> WHAT TO DO
Filter these entries down to lines holding "savane".

> SOURCE INFORMATION
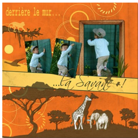
Page réalisée avec le kit « Terre de savane »

Cap vers le soleil de la savane africaine grâce aux dizaines de textures et d'embellissements du kit « Terre de savane » !
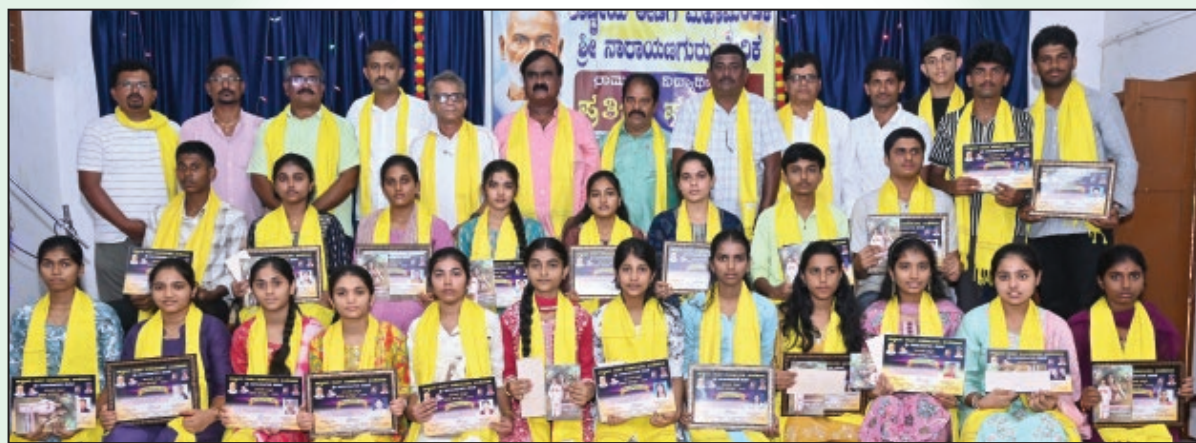
ಮಾತನಾಡಿ, ಪ್ರತಿಭಾ ಪುರಸ್ಕಾರ ಎನ್ನುವುದು ಮಕ್ಕಳಿಗೆ ಉತ್ತೇಜನ ನೀಡುವಂತದ್ದು. ಹೀಗಾಗಿ ಪ್ರತಿವರ್ಷ ಸರಿಯಾದ ಸಮಯಕ್ಕೆ ನಾವು ಕಾರ್ಯಕ್ರಮವನ್ನು ಹಮ್ಮಿಕೊಳ್ಳುತ್ತೇವೆ. ಮಕ್ಕಳು ಕೂಡ ಉತ್ತಮ ಶಿಕ್ಷಣವನ್ನು ಉಚ್ಚ ಭವಿಷ್ಯ ರೂಪಿಸಿಕೊಳ್ಳಲಿ ಎಂದು.
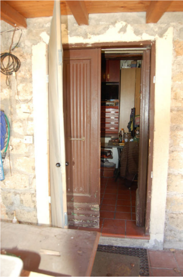
Foto 21 - Portoncino d'ingresso all'unità abitativa
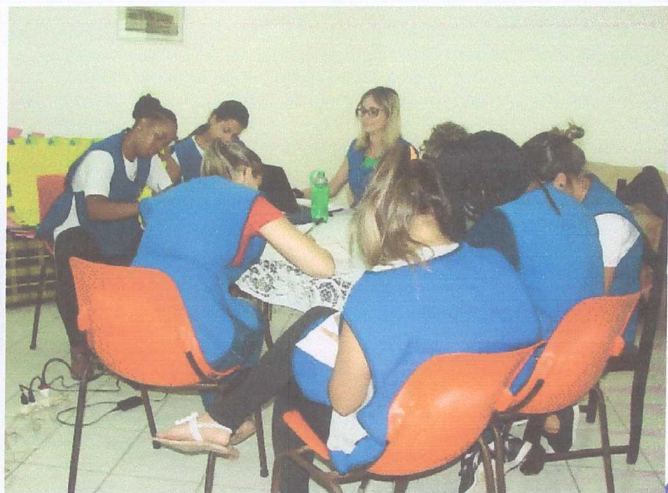
TFC ADI's VM

> ANSWER BOX
Page réalisée avec le kit « Terre de savane »
Cap vers le soleil de la savane africaine grâce aux dizaines de textures et d'embellissements du kit « Terre de savane » !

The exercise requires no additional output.